▶

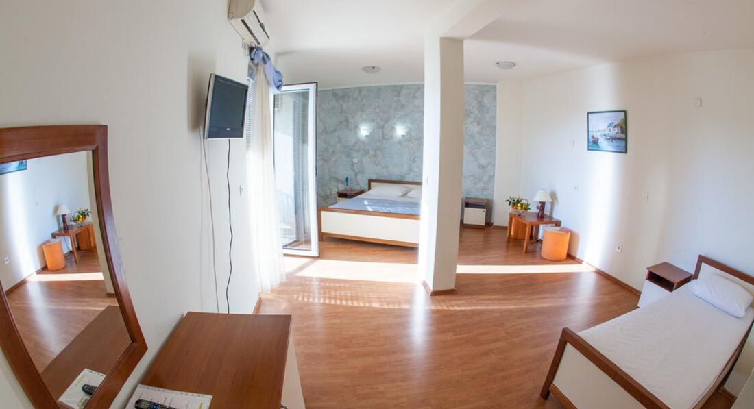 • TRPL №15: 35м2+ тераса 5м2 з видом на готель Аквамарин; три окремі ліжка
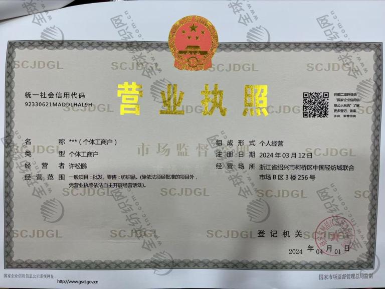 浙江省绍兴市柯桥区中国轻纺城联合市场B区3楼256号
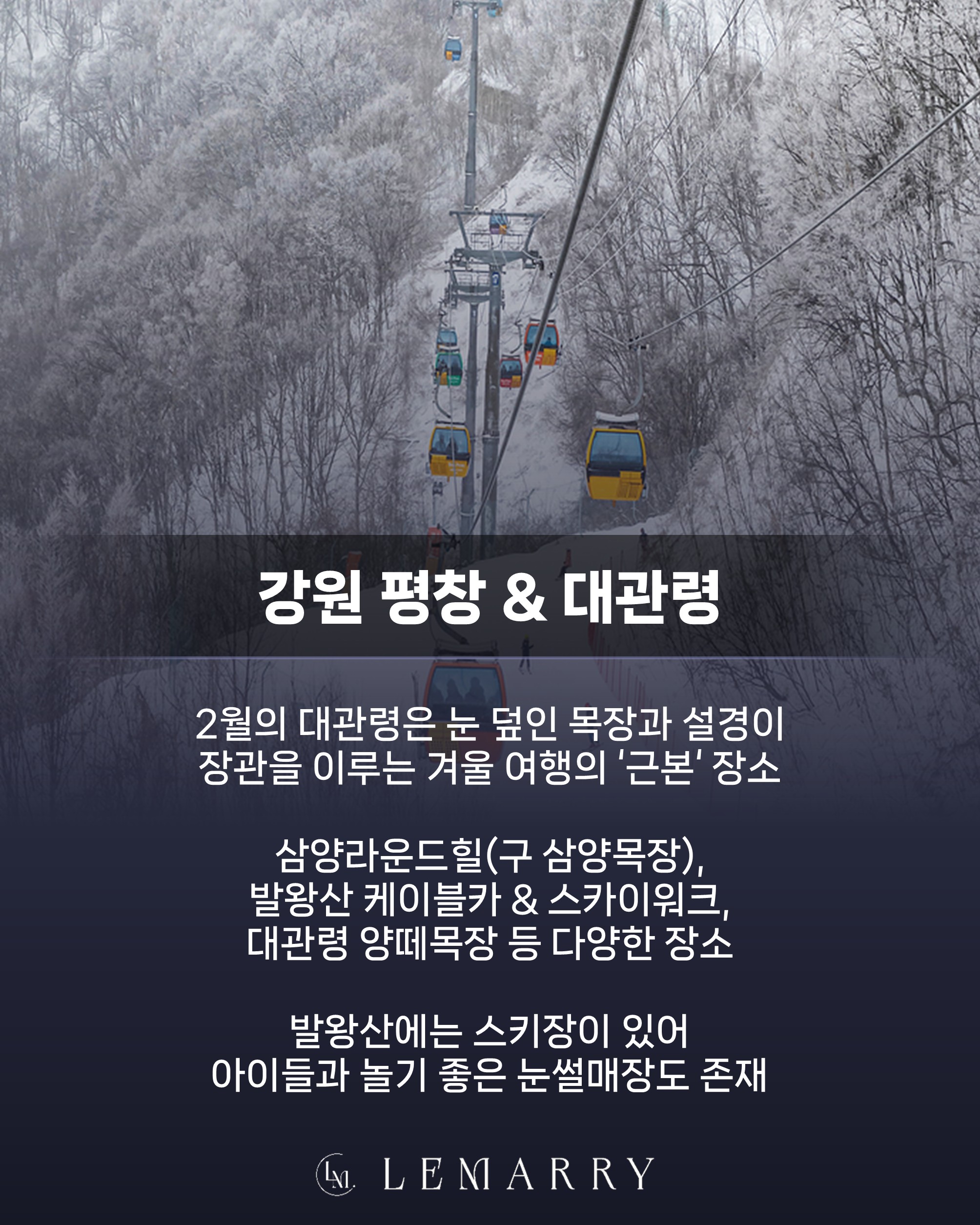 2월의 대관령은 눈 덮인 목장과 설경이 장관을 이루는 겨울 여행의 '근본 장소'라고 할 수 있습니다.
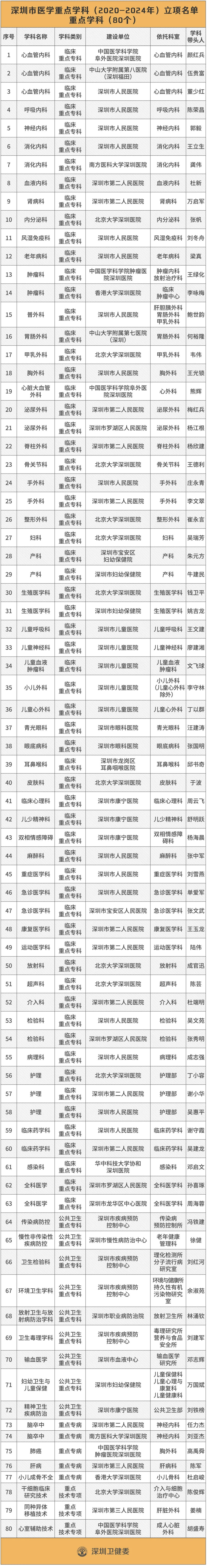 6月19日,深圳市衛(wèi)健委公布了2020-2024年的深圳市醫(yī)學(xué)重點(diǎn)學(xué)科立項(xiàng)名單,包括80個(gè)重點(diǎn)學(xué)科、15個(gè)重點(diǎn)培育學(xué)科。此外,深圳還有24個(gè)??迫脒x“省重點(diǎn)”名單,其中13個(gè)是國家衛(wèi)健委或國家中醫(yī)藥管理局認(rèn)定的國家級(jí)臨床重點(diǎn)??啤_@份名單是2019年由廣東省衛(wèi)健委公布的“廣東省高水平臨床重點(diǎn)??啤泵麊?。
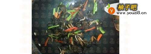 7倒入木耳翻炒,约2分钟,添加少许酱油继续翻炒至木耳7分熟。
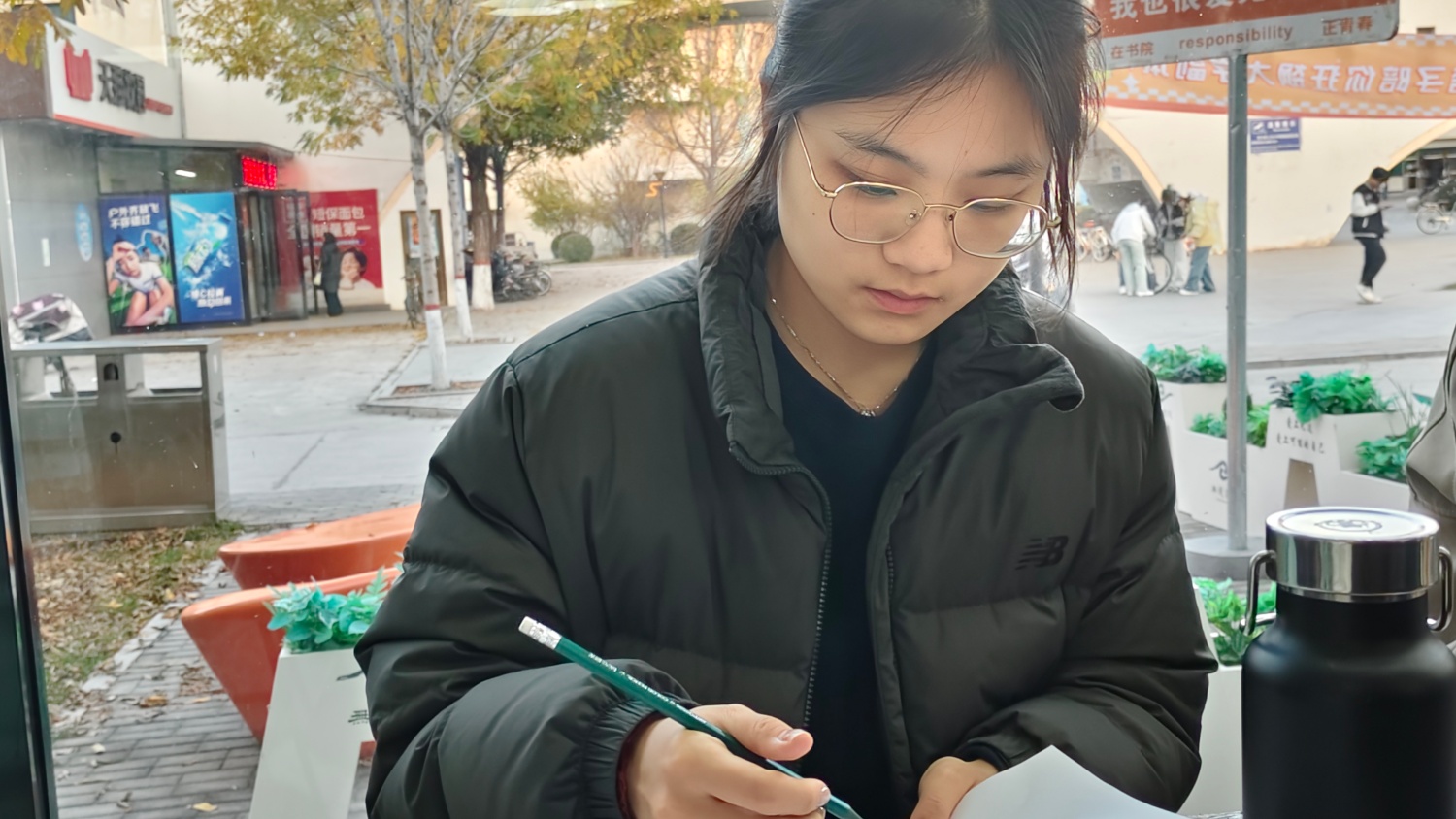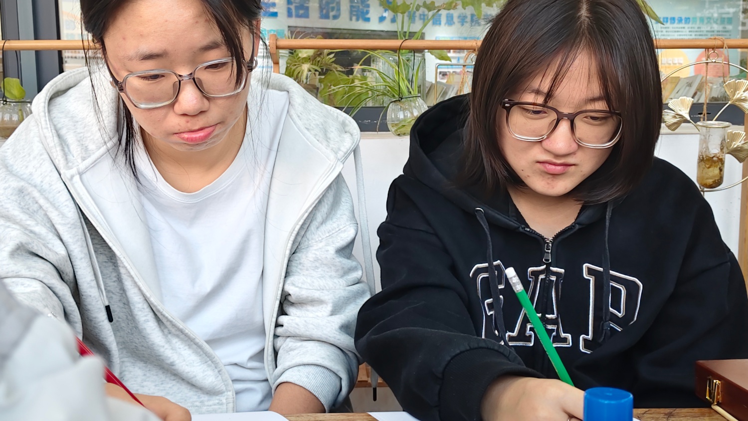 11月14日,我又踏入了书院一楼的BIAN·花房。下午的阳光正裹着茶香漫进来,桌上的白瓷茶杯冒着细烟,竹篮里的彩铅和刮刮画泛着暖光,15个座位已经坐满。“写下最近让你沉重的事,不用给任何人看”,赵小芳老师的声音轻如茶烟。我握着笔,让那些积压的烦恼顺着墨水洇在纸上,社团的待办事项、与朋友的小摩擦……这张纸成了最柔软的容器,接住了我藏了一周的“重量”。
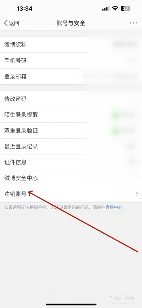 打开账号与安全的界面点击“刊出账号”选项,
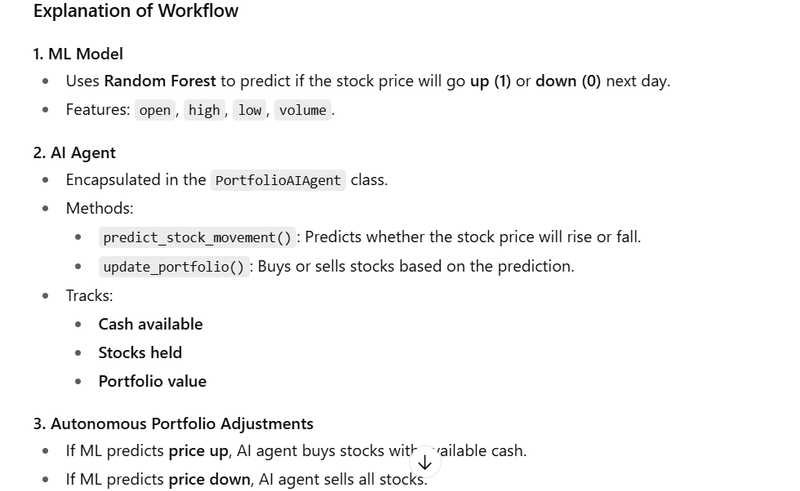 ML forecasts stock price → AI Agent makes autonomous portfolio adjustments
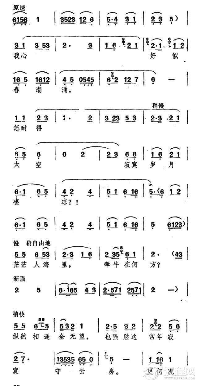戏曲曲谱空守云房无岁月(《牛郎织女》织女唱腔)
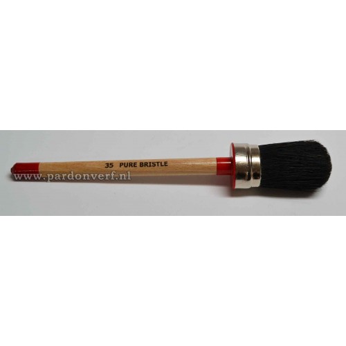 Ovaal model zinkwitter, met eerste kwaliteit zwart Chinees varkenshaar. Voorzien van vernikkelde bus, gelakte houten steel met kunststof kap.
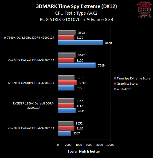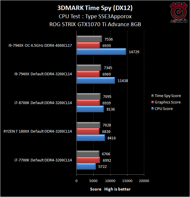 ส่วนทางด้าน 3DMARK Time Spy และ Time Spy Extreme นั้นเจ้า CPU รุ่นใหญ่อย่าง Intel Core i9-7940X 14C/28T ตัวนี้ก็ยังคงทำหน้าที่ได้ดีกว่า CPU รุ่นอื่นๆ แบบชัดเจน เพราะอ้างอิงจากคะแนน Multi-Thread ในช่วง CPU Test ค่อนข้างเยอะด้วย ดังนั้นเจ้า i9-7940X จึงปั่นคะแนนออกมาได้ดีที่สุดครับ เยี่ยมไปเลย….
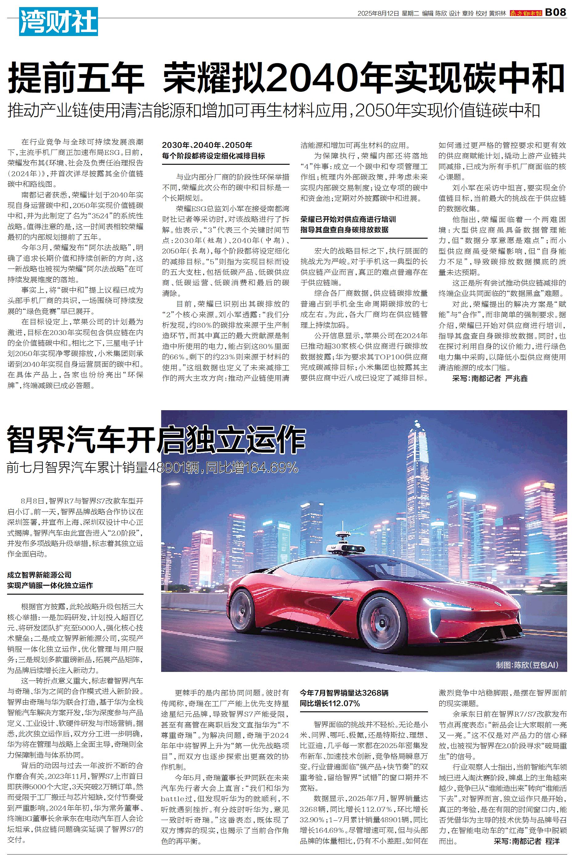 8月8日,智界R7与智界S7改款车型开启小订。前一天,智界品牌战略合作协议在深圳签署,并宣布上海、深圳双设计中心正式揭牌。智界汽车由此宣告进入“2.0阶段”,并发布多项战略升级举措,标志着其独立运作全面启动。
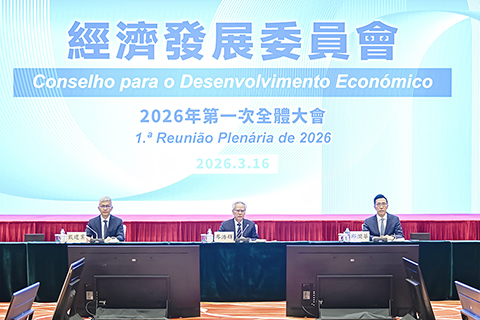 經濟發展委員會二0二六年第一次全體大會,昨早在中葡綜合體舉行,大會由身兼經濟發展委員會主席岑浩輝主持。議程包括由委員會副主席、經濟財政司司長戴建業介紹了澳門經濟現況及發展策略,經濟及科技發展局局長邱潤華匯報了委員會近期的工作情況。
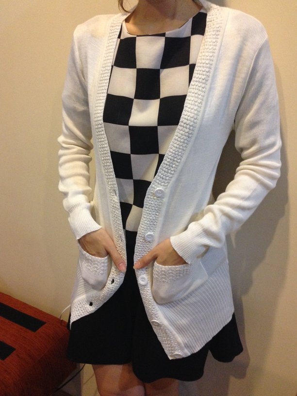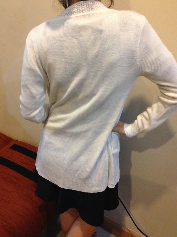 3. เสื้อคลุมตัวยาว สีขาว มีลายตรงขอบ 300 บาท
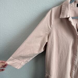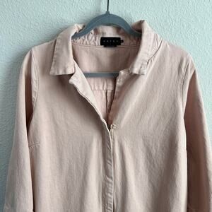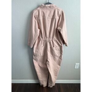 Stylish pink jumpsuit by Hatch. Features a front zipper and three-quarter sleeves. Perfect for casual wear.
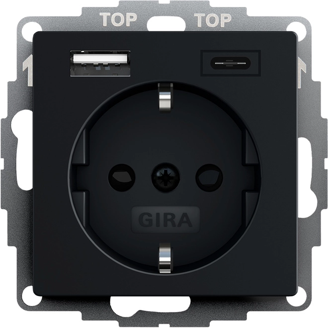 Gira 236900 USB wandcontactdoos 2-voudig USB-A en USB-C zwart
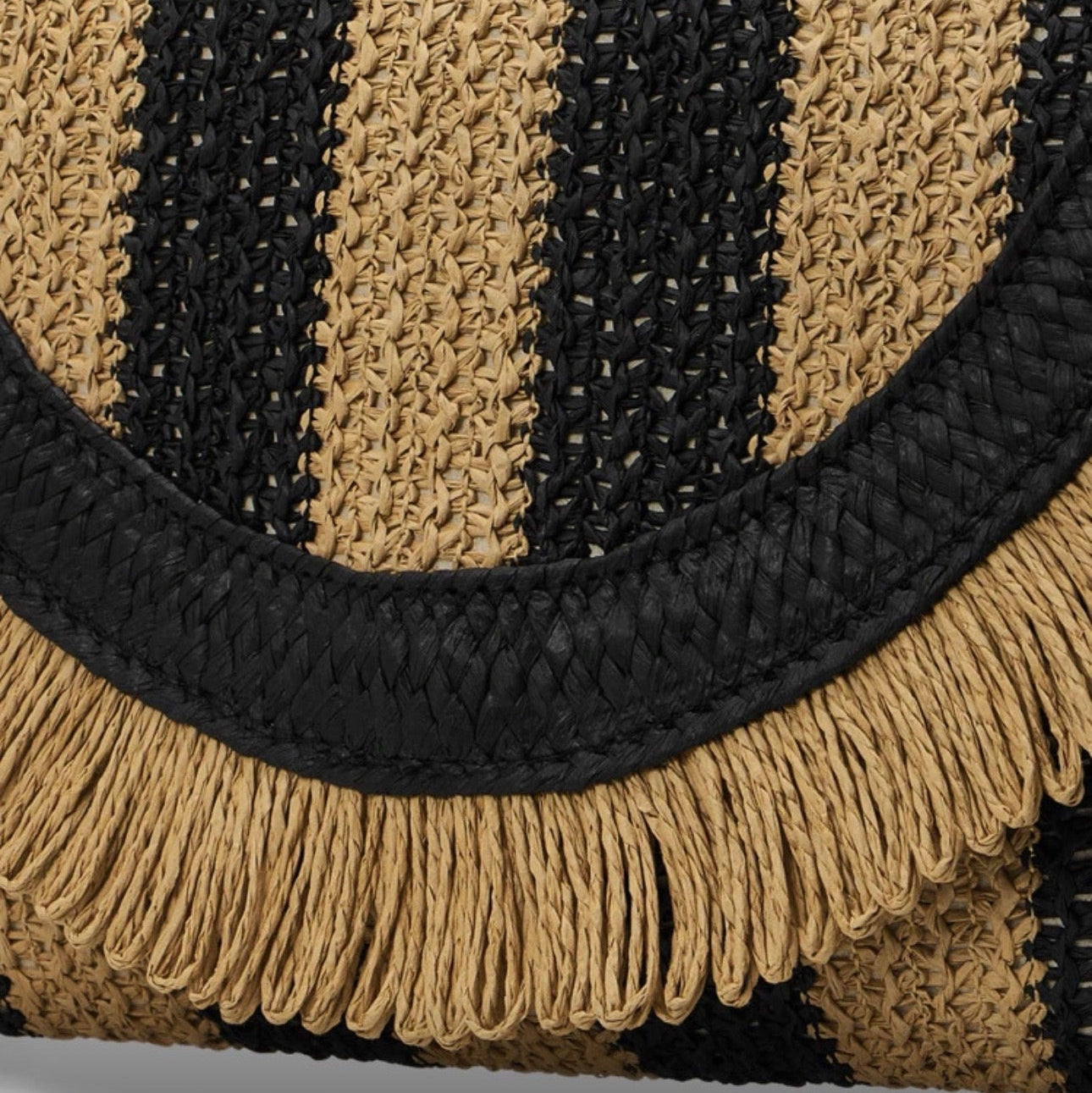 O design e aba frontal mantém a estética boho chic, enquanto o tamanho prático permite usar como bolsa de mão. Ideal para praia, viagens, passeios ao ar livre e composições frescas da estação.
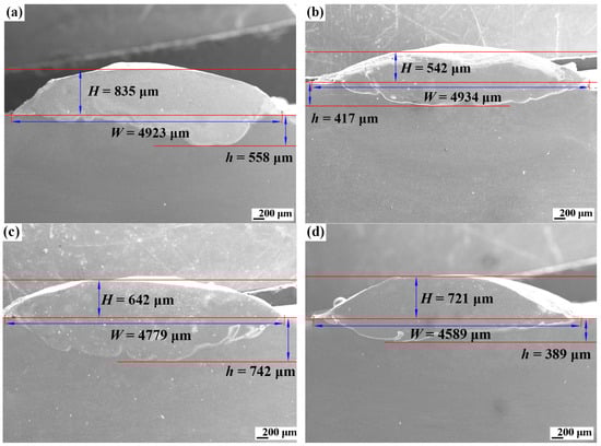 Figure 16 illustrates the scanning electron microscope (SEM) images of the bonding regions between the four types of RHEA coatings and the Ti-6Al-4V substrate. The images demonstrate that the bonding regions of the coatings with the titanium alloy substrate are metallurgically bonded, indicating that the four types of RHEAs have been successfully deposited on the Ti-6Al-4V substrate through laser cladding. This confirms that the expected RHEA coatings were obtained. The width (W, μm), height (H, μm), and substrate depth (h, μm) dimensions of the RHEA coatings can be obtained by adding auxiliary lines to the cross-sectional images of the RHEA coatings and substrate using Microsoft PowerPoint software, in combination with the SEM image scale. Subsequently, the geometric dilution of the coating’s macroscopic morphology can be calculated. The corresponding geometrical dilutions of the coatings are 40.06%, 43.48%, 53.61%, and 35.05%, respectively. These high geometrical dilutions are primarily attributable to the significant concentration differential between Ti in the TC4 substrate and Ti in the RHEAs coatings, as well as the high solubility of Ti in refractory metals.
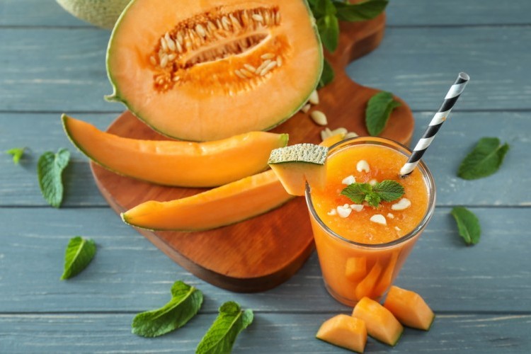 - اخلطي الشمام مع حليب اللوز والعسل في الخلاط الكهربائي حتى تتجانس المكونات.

◀

What's needed is an exact copy of the records above from the line containing "經濟發展委員會二0二六年第一" down to the line containing "O design e aba", both included, without any pictures.

:: Exercise response ::
 經濟發展委員會二0二六年第一次全體大會,昨早在中葡綜合體舉行,大會由身兼經濟發展委員會主席岑浩輝主持。議程包括由委員會副主席、經濟財政司司長戴建業介紹了澳門經濟現況及發展策略,經濟及科技發展局局長邱潤華匯報了委員會近期的工作情況。
 3. เสื้อคลุมตัวยาว สีขาว มีลายตรงขอบ 300 บาท
 Stylish pink jumpsuit by Hatch. Features a front zipper and three-quarter sleeves. Perfect for casual wear.
 Gira 236900 USB wandcontactdoos 2-voudig USB-A en USB-C zwart
 O design e aba frontal mantém a estética boho chic, enquanto o tamanho prático permite usar como bolsa de mão. Ideal para praia, viagens, passeios ao ar livre e composições frescas da estação.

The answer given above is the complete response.